I personally think a seminary trained pastor should at least have heard of the standard critical issues of the Bible. They don’t need to know too much about those issues as they are really tangential to what ministry is overwhelmingly about. Indeed, I would argue these issues are tangential to what the Bible is primarily about for Christians.
And I don’t say that because I am in denial, as if anyone with a brain or with faith knows that these issues have no substance but are simply the faithless schemes of godless liberals. I say that because the Bible as God’s word is the Bible as Christian canon, and on this level it matters precious little whether there were sources that the Pentateuch edited into its current form.

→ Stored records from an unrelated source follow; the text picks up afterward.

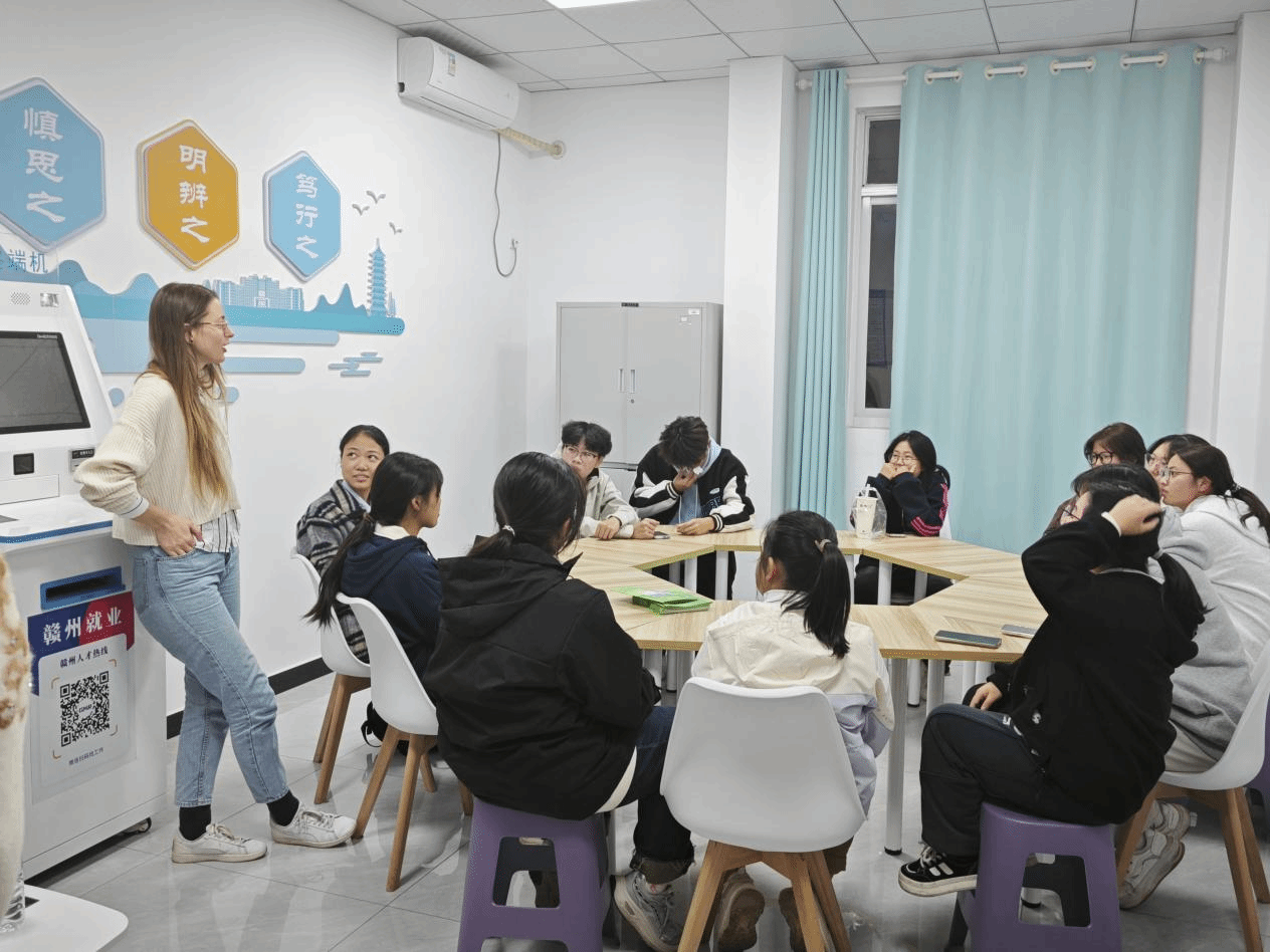三位外教和学生们进行自我介绍,并进入自由交流环节,话题涵盖家乡特色、个人兴趣、梦想职业、旅行见闻等。外教全程悉心指导、纠正发音,分享地道表达和个人经验。同学们踊跃发言分享,现场气氛活跃欢乐,掌声不断。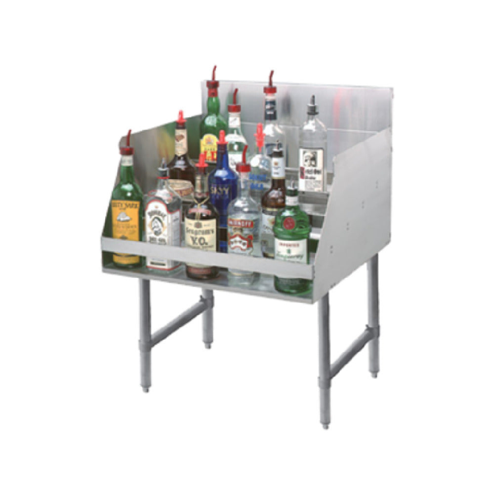 The Advance Tabco LD-2118 Liquor Bottle Display Unit is a meticulously designed piece of equipment featuring five steps, tailored for optimal presentation and accessibility, measuring 18 inches in width, 26 inches in depth, and 33 inches in height. This robust unit is crafted to hold approximately 20 liquor bottles, making it an excellent solution for bars and restaurants seeking to showcase their selection effectively. Its stainless steel construction ensures durability and ease of cleaning, while the 4-inch backsplash offers added protection against spills, maintaining a tidy display area. Supported by galvanized legs, the unit includes adjustable plastic bullet feet, allowing for stability on uneven surfaces and enhancing its adaptability within various environments. Certified by NSF, the Advance Tabco LD-2118 assures compliance with public health standards, making it a reliable choice for establishments prioritizing safety and quality. This liquor bottle display unit is ideal for businesses aiming to streamline their presentation while ensuring the security and accessibility of their liquor inventory. Its strategic design and durable materials cater to the high demands of the food and beverage industry, providing a significant functional and aesthetic value for diverse market segments.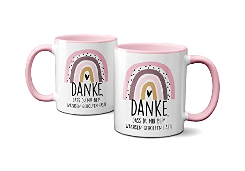 – Schwarze Tasse beim blauen Regenbogen, Rosa Tasse beim rosa Regenbogen und der Aufschrift „Danke, dass du mir beim Wachsen geholfen hast“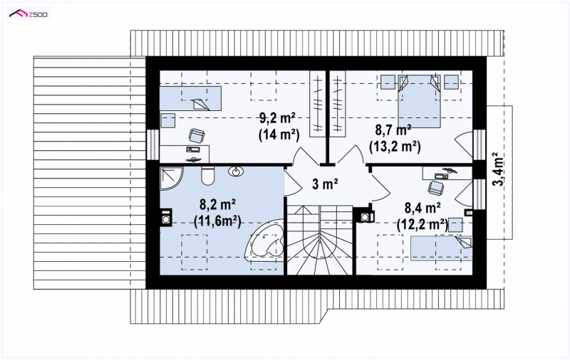 - Powierzchnia dachu 150.06 m²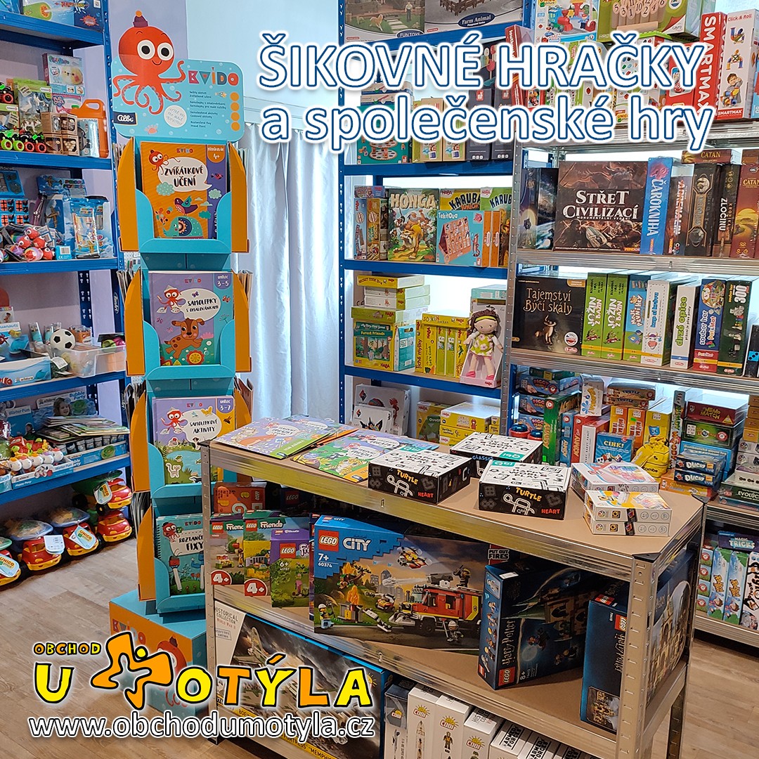 Internetový a kamenný obchod U Motýla Vám nabízí široký výběr z kreativních hraček a společenských her, které podporují rozvoj logického myšlení a zručnost dětí. Prodáváme šikovné hračky a pomůcky nejen do škol, školních družin a mateřských školek.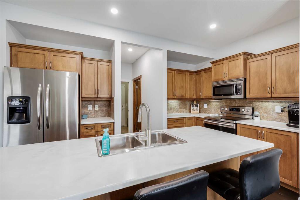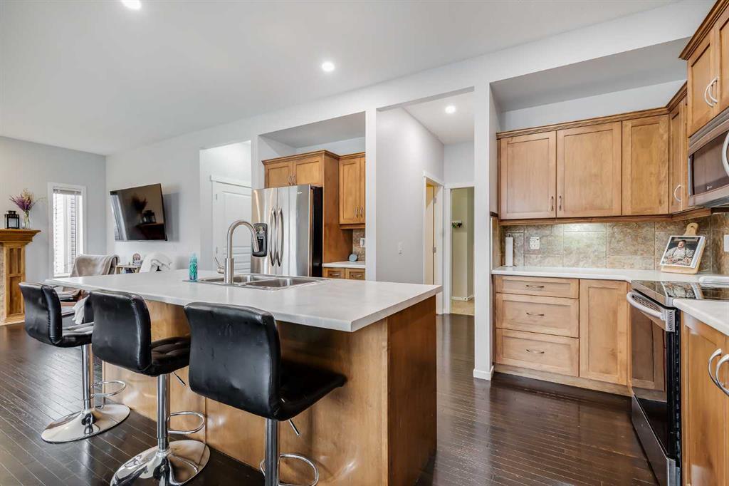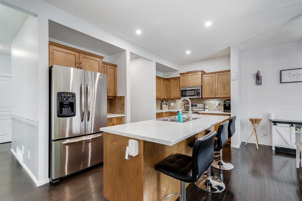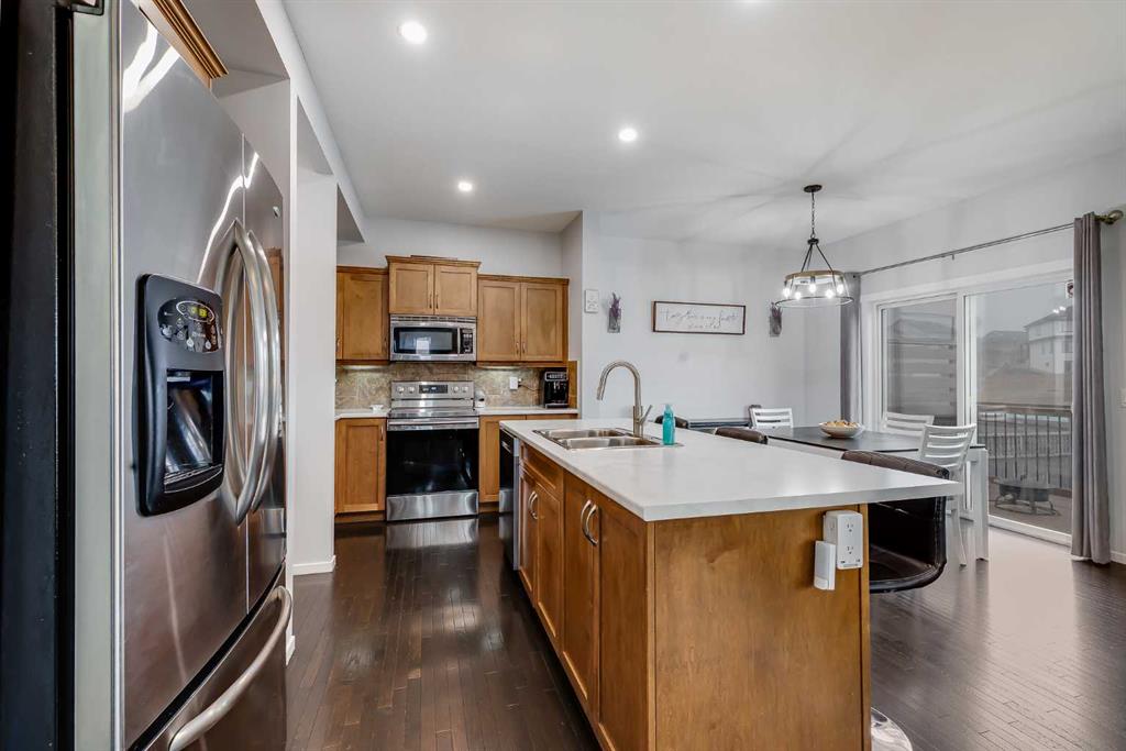 Welcome to over 2,600 SQUARE FEET of living space with NO REAR NEIGHBOURS & a 34 FOOT DRIVEWAY! Out front the first thing you notice is the huge driveway, perfect for extra cars or your RV. As you enter you come into the family size entrance way, you’ll notice the HARDWOOD FLOORING which leads directly into the main space of the home. The kitchen features lots of cabinets, plenty of countertop space, and a huge WALK-IN PANTRY. The living room features plenty of windows and a Gas Fireplace. Moving into the dining room you’ll notice the large west facing patio door brings in a lot of natural light, and is plenty big enough for your family table. Completing the main level is your laundry room & half bathroom. Moving upstairs you’ll notice the BRAND NEW CARPET up here. Upstairs you’ll find the oversized bonus room at the front of the home with vinyl plank flooring that could be a 4th upper bedroom if needed! The master bedroom features a bright west facing window, lots of space for your king size bed, and a 5 PIECE EN-SUITE with double sinks, separate tub & shower. Making up the rest of your upper level are the 2nd & 3rd bedrooms. Both complete with that same vinyl plank flooring as the bonus room, and of course your 4 piece main bathroom. Moving downstairs You’ll find it’s currently set up as a hair studio, with a hair sink where the bathroom rough in is located, a large rec room area, and a MASSIVE BASEMENT BEDROOM! Out back is a two-tiered deck, perfect for entertaining, and still plenty of yard space for the kids or dogs, with no rear neighbours behind you! Book your showing today.

Let me make a couple of personal contextual comments. First, in the Church of England, a bachelor’s degree or equivalent in theology validated by a secular university is now part of the normal training requirements. That means more than just “[hearing] of the standard critical issues”. But I’m also responsible for the provision of our diocesan course for lay preachers (Readers) which is nationally moderated by the Church, and so find myself asking Ken’s question more in this latter context.
What limits our coverage of issues is time more than thought through first principles of what students need to know, but if I had the luxury of more time, I think I would expect a more thorough engagement with the critical issues. The appeal to final form seems to me to close things down too quickly. It is prone to the danger of being a docetic approach: one doesn’t need to engage the messiness of the human process to listen to the divine word.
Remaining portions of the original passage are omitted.